Türkiye'nin, İslam İşbirliği Teşkilatı (İİT) adına sponsorluğunu yaptığı ve Avrupa Birliği'nin (AB) de destek verdiği Myanmar'daki insan hakları ihlallerine dikkati çeken karar tasarısı BM Genel Kurulu'nda insan hakları konularının görüşüldüğü 3. komitede oylamaya sunuldu.
Türkiye'nin başı çektiği karar 193 üyeli BM'de büyük destek aldı. Karara 142 ülke destek verirken, Çin başta olmak üzere 10 ülke karşı çıktı, 25 ülke ise çekimser kaldı. Karara ayrıca 103 ülke de sponsor oldu.

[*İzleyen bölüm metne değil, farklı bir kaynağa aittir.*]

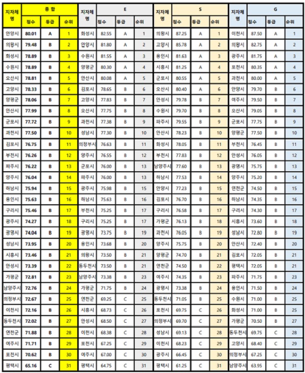 안양시에 이어 의왕시가 경기도 기초자치단체 ESG 평가지수에서 79.84점·B등급으로 2위를 기록했고 ▲화성시(78.89점·B등급) ▲수원시(78.89점·B등급) ▲오산시(78.33점·B등급) 등이 상위 5개 도시에 이름을 올렸다. 성남시는 73.65점·B등급으로 20위에 머물러 '천당 아래 분당'이라는 수식어가 무색해졌다.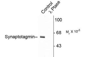 - Specific for the ~60k - 62k synaptotagmin protein phosphorylated at Thr202. The immunolabeling is completely eliminated by X-phosphatase treatment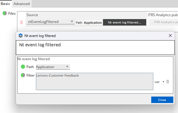 To specify a custom event log, type in the full name of the event log into the NT Event Log Filtered. The name specified should match the Full name of the event log found in the Properties window of the event log in the Windows event viewer.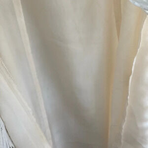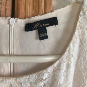 Labeled as large but I think it fits more like a Medium. It does have a cream lining under the lace. In the last photo, shown up to light it is slightly see through. I wore nude undergarments and you couldn’t see anything.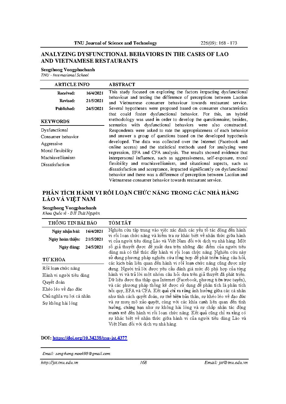 Phân tích hành vi rối loạn chức năng trong các nhà hàng Lào và Việt Nam = Analyzing dysfunctional behaviors in the cases of lao and vietnamese restaurants

Türkiye'nin BM Daimi Temsilcisi Feridun Sinirlioğlu, kararla ilgili komitede yaptığı konuşmada, Myanmar'da Arakanlı Müslümanlara ve diğer azınlıklara karşı işlenen ciddi insan hakları ihlallerinin uluslararası toplumu endişelendirmeye devam ettiğini söyledi.
Myanmar'da halkın yıllardır şiddet döngüsü kapanına sıkışıp kaldığına ve zorla yerinden edildiğine dikkati çeken Sinirlioğlu, 25 Ağustos 2017'den sonra yaşanan olayların bu kısır döngünün son örneği olduğunu ifade etti.
BM Uluslararası Bağımsız Myanmar Soruşturma Misyonunun raporundaki Arakanlılara yönelik ''sistematik, sarsıcı, acımasız'' saldırıları hatırlatan Sinirlioğlu, ''Bu kısır döngüye son vermek için Myanmar hükümetinin öncelikle barışçıl bir şekilde bir arada yaşama ve mültecilerin güvenli bir şekilde geri dönüşü için Arakan eyaletinde gerekli koşulları sağması gerek.'' dedi.
Aynı zamanda her türlü şiddete son verilmesi ve insani yardımların girişine izin verilmesi gerektiğinin altını çizen Sinirlioğlu, ''Şiddete başvuran failleri adalete teslim etmek de bu döngünün tekrarına son vermek açısından kritik öneme sahip.''diye konuştu.
AA'nın aktardığına göre, Sinirlioğlu, Türkiye'nin İİT adına AB ile ortaklaşa sunduğu tasarıda Myanmar’da yaşanan ciddi insan hakları ihlallerinin güçlü şekilde kınandığını ve hesap verebilirliğin temini için ihlallerin tam ve bağımsız şekilde soruşturulmasının talep edildiğini vurguladı.
Myanmar'ın Arakanlı Müslümanlar konusunda BM ile yaptığı iş birliğine de değinen Sinirlioğlu, ''Myanmar'ın bu adımları atarken samimiyetine hala inanmak istiyoruz.'' dedi.
Arakanlıların geri dönüşünün Bangladeş'teki bir mülteci kampından ayrılıp Myanmar'da başka bir kampa yerleşecek şekilde olamayacağını da belirten Sinirlioğlu, Arakanlıların evleri neredeyse oraya dönmesi ve temel haklarının garanti altına alınması gerektiğinin altını çizdi.